We used a published complex structure (PDB: 3QXV) to design a favourable small-compound synthetic nanobody library. PDB: 3QXV is a complex structure combining a llama nanobody and the small compound MTX. This structure is shown in Fig. 2A. The key amino acids of nanobodies that interacted with MTX were V2 and L4 of the N-terminus FR and R27, S29, R35, and W37 of CDR1. One crucial interaction was directed by CDR1, whereas the other two crucial interaction points were Y117 of CDR3 and Y85 of nonhypervariable CDR4. During interaction, the amino acids surrounded MTX, forming a glove-like structure that, in the opinion of us, was suitable for binding small molecules. That is, the nanobody interaction site that resembled a glove could stably catch small molecules (represented as balls). Therefore, using primers, we mutated the amino acids at the aforementioned positions (NNK codon) to construct the SynaGG library; the locations of these mutations in the library are shown in Fig. 2B. Next, Fig. 2B presents the amino acid numbering of the nanobody template defined on the IMGT scheme and the number corresponding to PDB. After transforming the constructed library DNA into E. coli ER2738, we calculated the library complexity as 8.3 × 10.⁹ To confirm the quality of the SynaGG library, 250 sequences in the library were randomly selected for sequencing.
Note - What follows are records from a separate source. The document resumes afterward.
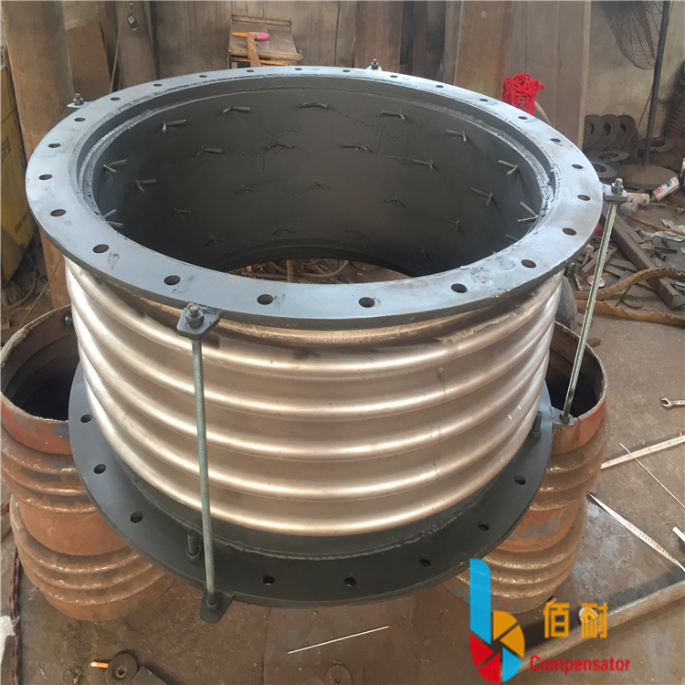 轴向内压式波纹管由一个波纹管和两个端管构成及其它部件组成。它通过波纹管的柔性变形来吸收管线轴向位移(也有小量的横向、角向位移),端接管或直接与管道焊接,或焊上法兰再与管道法兰联结。波纹管上的小拉杆主要是运输过程中的刚性支承或作为产品预变形调整用,它不是承力杆。该类波纹管结构简单、价格低,因而凡是在管线上可能的地方应优先予以考虑。
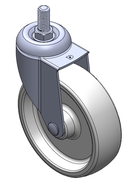 | Swivel Casters, Threaded Stem Stamping Fork—1/2"-12 UNC; surface vibration protection, Mounting Type - Threaded Stem; thermoplastic Wheel Center and rim; white; Plain Bearings. |
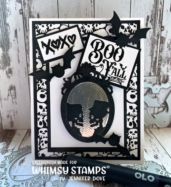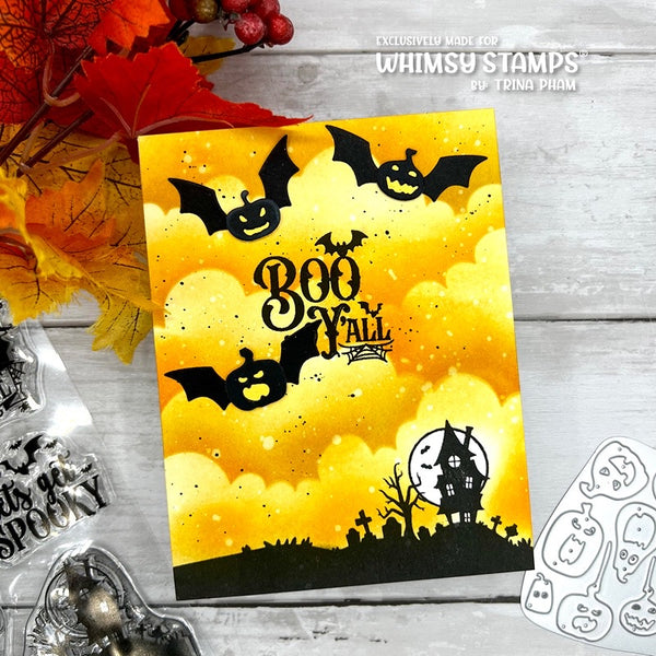 Set of 5 large sentiments and a spooky house/graveyard silhouette scene perfect to sharing haunting Halloween creations.
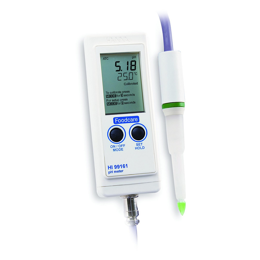 pH-metr z elektrodą wbijaną o kształcie igły, do pomiarów pH żywności. Doskonały do analizy produktów białkowych, półmiękkich lub proszków takich jak np.: masło, mleko, jogurt, ser, mięso, owoce, warzywa, soki owocowe, przyprawy itp. Aparat jednocześnie wskazuje pH i odczyt temperatury. Automatyczna jedno- lub dwupunktowa kalibracja dzięki zapamiętanym odczytom dwu serii buforów standardowych.
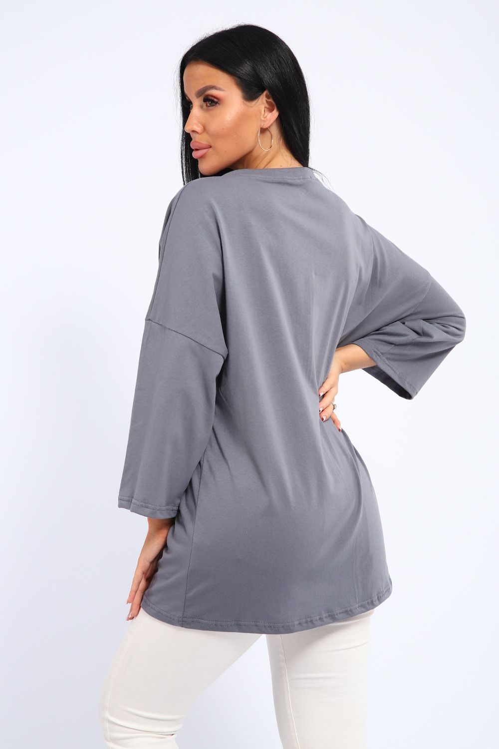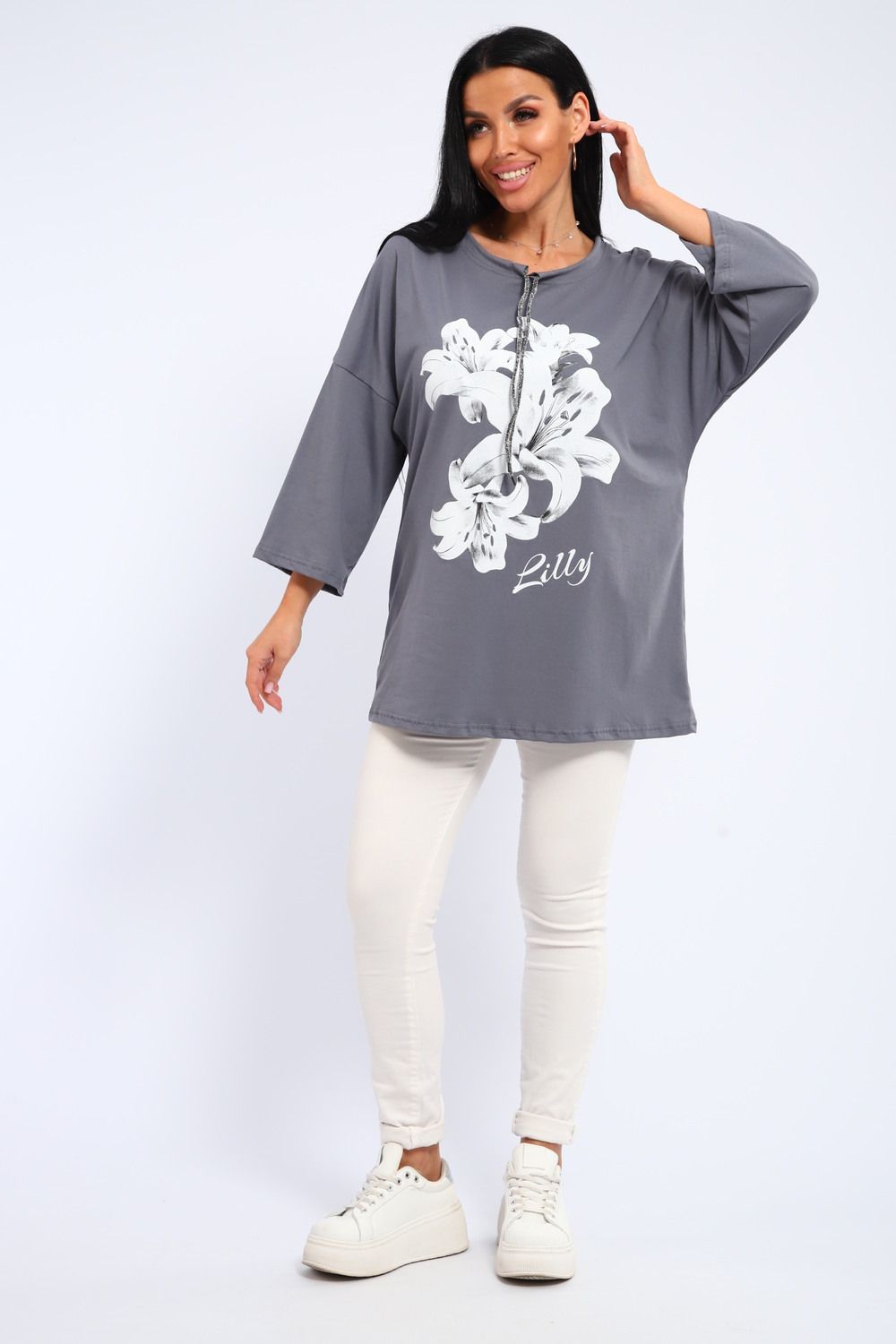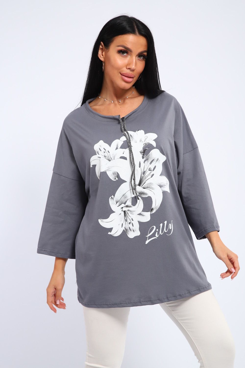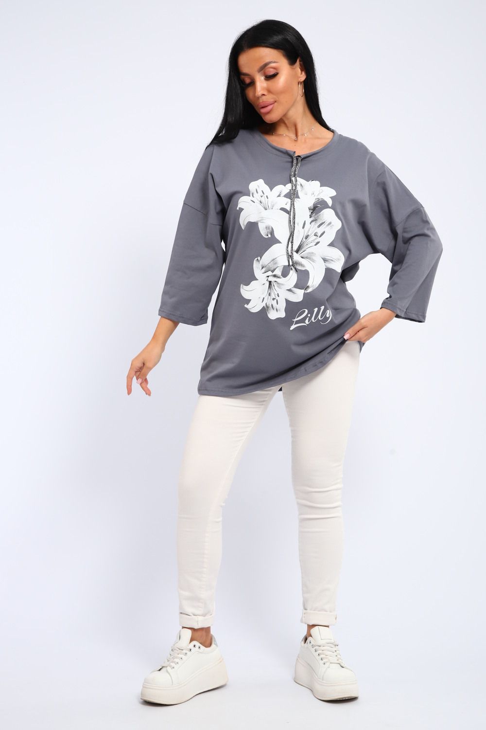Туника женская свободного кроя со шнурком на горловине и печатью на передней полочке.

It was found that 238/250 (95.2%) of the sequences were in frame for the complete inserted nanobody gene. The 58 sequences with complete NNK substitution on 8 positions after the exclusion of NNK partial replacement sequences (parent template with TAA codons in the mutagenesis positions) are shown in Supplementary Fig. S1 to illustrate the diversity of the library. These results support the feasibility of using the SynaGG library for panning.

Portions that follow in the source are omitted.